Even though it is commonly acknowledged that effects can occur, evidence is equivocal for many investigated traits such as body condition (Adams et al. 2009; Barron et al. 2010), physiological state (Barron et al. 2010; Quillfeldt et al. 2012), components of reproductive performance like onset of breeding (Arlt et al. 2013; Quillfeldt et al. 2012) or fledgling mass (Ackerman et al. 2004; Quillfeldt et al. 2012), and also survival, usually investigated in the form of return rates (Arlt et al. 2013; Barron et al. 2010; Costantini and Møller 2013; Gómez et al. 2014; Phillips et al. 2003; Rodríguez et al. 2009; Scandolara et al. 2014; Townsend et al. 2012). Because these traits may be differently affected by the tracking device, it is difficult to draw general conclusions on device effects when only one or a few traits are studied. For instance, when solely reporting the effects on return rates or onset of the reproductive season, one might well miss the effects on other fitness-related traits such as stress levels. Different tracking devices might cause different effects due to their divergent type of attachment (leg-loop harness, wing-loop harness, elastic versus rigid loops, fixed to bands, glued to feathers), shape (with antenna, light stalk, without any appendices) and duration of deployment (few hours up to several years).
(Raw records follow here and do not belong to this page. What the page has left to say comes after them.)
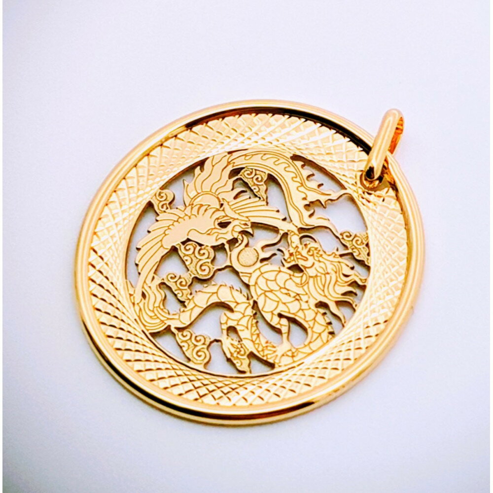 - 【ふるさと納税】【18金イエローゴールドネックレス 龍鳳呈祥ペンダントトップ グリームカット長小豆0.25 45cm】富山県 富山市 贈り物 おすすめ ギフト 記念
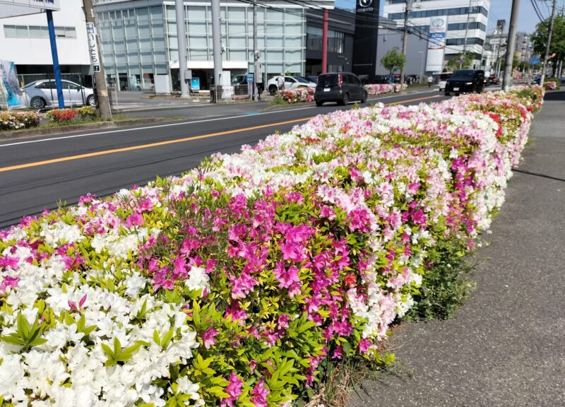 市場通りの沿道には、色とりどりの花々が咲き香って、行き交う人々の笑顔を誘っています。
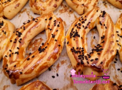 Ardından yağlı kağıt serdiğimiz tepsiye diziyoruz. Hepsi bitince üzerilerine yumurta sarısı sürüp, çörek otu serpiyoruz.
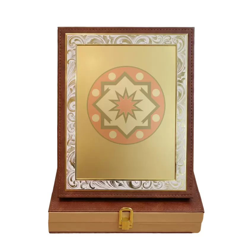 Elevate your awards ceremony with this sophisticated Gold-Plated Filigree Plaque. Housed in a rich, chocolate-brown leatherette frame with intricate perimeter stitching, this award exudes professional excellence and high-end quality.
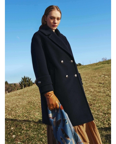 Blue double breasted wool and cashmere coat with metal buttons with logo
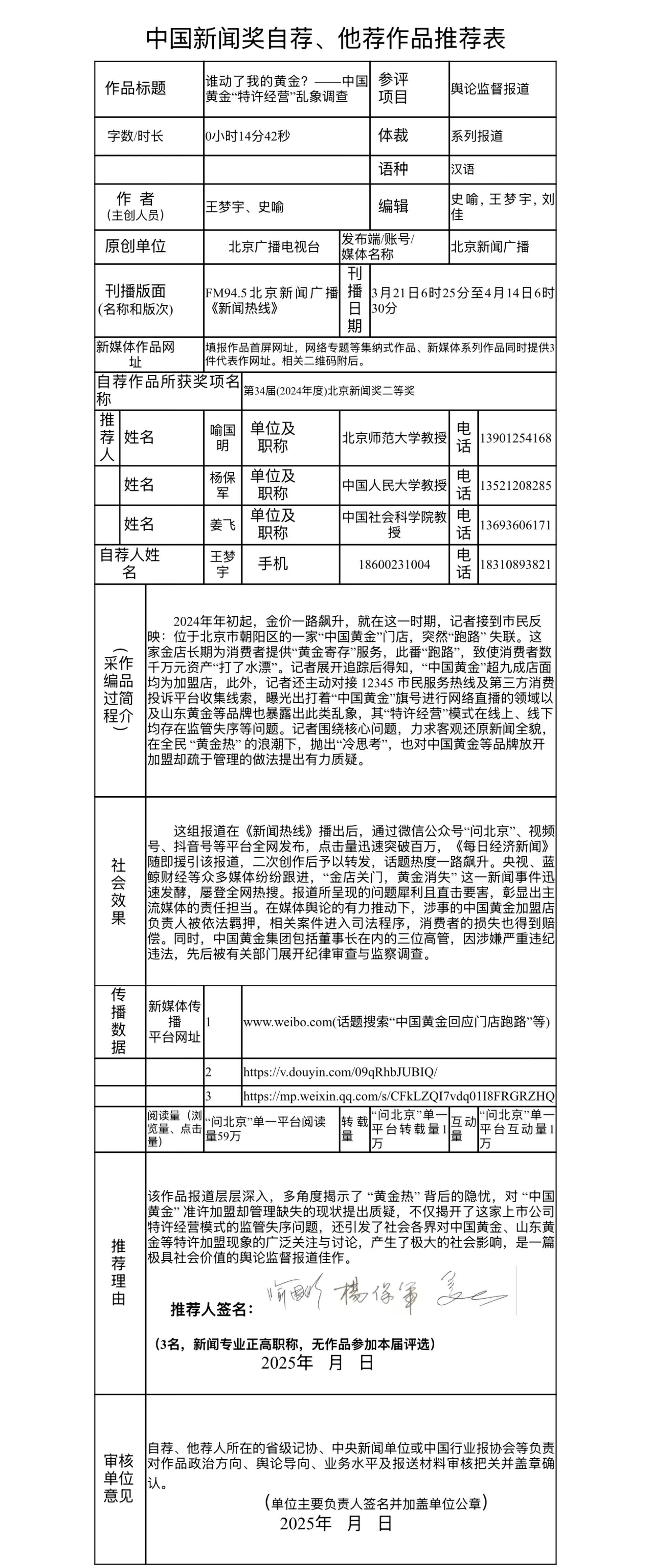 根据《中国新闻奖评选办法》和《第35届中国新闻奖参评作品报送通知》,北京广播电视台《谁动了我的黄金?——中国黄金“特许经营“乱象调查》,拟通过自荐、他荐的方式参评第35届中国新闻奖。

Negative effects of tracking devices might be particularly apparent in migrating animals carrying a device for at least 1 year. Migrants face multiple challenging phases during their annual cycle, during which optimal energy management is crucial for successful reproduction and to survive. A tracking device that is increasingly being used is a lightweight geolocator. These register light intensity by which positions can be estimated and are usually carried for approximately 1 year. A meta-analysis on the effects of geolocators on birds showed survival to be negatively affected for tagged birds (Costantini and Møller 2013). However, the effects could be statistically supported only when combining all data; most individual studies had insufficient sample sizes to draw conclusive results. Furthermore, none of these studies considered more than three seasons, although the magnitude of effects may vary from year to year due to environmental variation (Bro et al. 1999; Hupp et al. 2006; Pietz et al. 1993).

The equivocal effects of geolocators can result from many reasons, such as size and mode of attachment of the device, behavior of the study species and the weight of the devices relative to the weight of the study species. Moreover, equivocal effects might result from low sample sizes, the temporal scale of the study (no repetition over multiple years) and a restrictive range of the studied traits. To date, a comprehensive study on the effects of carrying a geolocator over an entire year on a wide range of traits over multiple years is still lacking.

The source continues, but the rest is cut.